To: jttmab who wrote (19980)3/14/2003 12:48:03 PM
From: Neocon  Read Replies (1) | Respond to of 93284
 
Although the matter remains highly controversial, you favor the side that lets Saddam off the hook:

UNITED NATIONS (AP) -- The top nuclear inspector conceded Wednesday that aluminum tubes the Iraqis had sought for rockets could be modified for a nuclear program, as President Bush reasserted in his State of the Union address.

"We believe the tubes were destined for the conventional rocket program," Mohamed ElBaradei told The Associated Press in an interview. "They could be used for enrichment but they need substantial modification before they could be used."

He said such a process would be expensive, time-consuming and detectable but that the Iraqis have the capabilities to alter the tubes.


ElBaradei told the Security Council in a report Monday that he had found no evidence Iraq had revived its nuclear program. The comments, coupled with his determination that the tubes were for rockets, put him at odds with the Bush administration which has insisted the tubes were meant for enriching uranium.

The back-and-forth between the Bush administration and ElBaradei's International Atomic Energy Agency began shortly after the president first raised the Iraqi attempts to buy the materials when he addressed the United Nations last September.

As a result, ElBaradei made it a top priority for his team to investigate the matter when inspections resumed two months later.

Iraq admitted they sought the tubes but said they were for a rocket program and very quickly, the nuclear team began to agree.

But the United States has been relentless in its insistence that the tubes were for a nuclear program and President Bush included it again in his annual address Tuesday.

"We believe...that these tubes are of the fineness and kind of tooling and workmanship that is definitely consistent with the use of enriching uranium," U.S. Ambassador John Negroponte said Wednesday.

"The way in which Iraq has gone about trying to procure those tubes suggests quite clearly that they were trying to do something illicit," he told reporters

He and other peppered ElBaradei with questions about the tubes again Wednesday during a closed-door Security Council meeting.

"What ElBaradei said is that the first tubes they looked at ... were clearly not of the type (for enrichment) but that some others might have been," said British Ambassador Jeremy Greenstock.

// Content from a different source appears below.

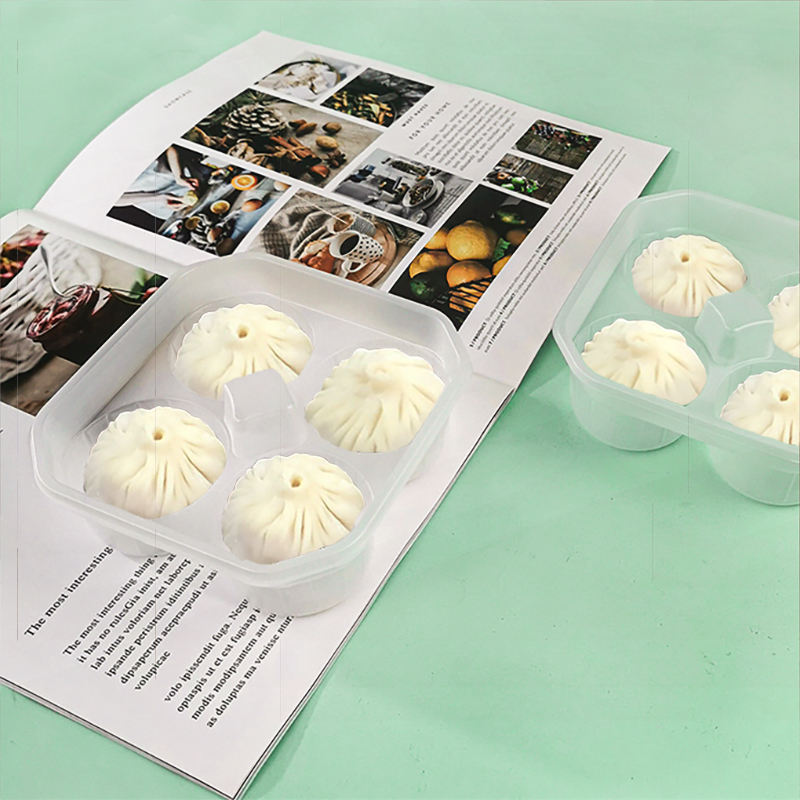 กล่องใส่ขนมพลาสติก PP แบบใช้แล้วทิ้ง4ช่องถาดใส่ขนมปังนึ่งกันแช่แข็งอาหารมีฝาปิดสำหรับใช้ในร้านอาหาร

ElBaradei's upbeat assessment of Iraq's cooperation Monday was in sharp contrast to that of his U.N. counterpart, Hans Blix, who was tougher on Iraqi cooperation and suggested Baghdad may be hiding deadly biological agents.

But both men cast doubt Wednesday on President Bush's claims in the State of the Union that Iraqi spies had penetrated the inspections.

"I don't think anyone at a high level would contend that there have been leaks," Blix told reporters.

The president said intelligence sources had revealed that Iraqi security personnel are at work hiding documents and materials from the U.N. inspectors, sanitizing inspection sites and monitoring the inspectors themselves.

ElBaradei said security was tight among inspectors but he wouldn't be surprised if the teams had been infiltrated by any country eager to know what exactly is going on, and not necessarily by the Iraqis.

"We are used to many efforts of infiltration but I will not be shocked if we have been infiltrated. We're trying to have a very tight security plan on a need-to-know basis and any intelligence we get is shared with not more than three or four people maximum."

ElBaradei also dismissed Bush's claims that intelligence agents are posing as scientists wanted for interviews with inspectors, saying it's unlikely the inspectors "could be fooled."

"We know all the scientists from the past and I think our people could easily detect if that person is a scientist or not."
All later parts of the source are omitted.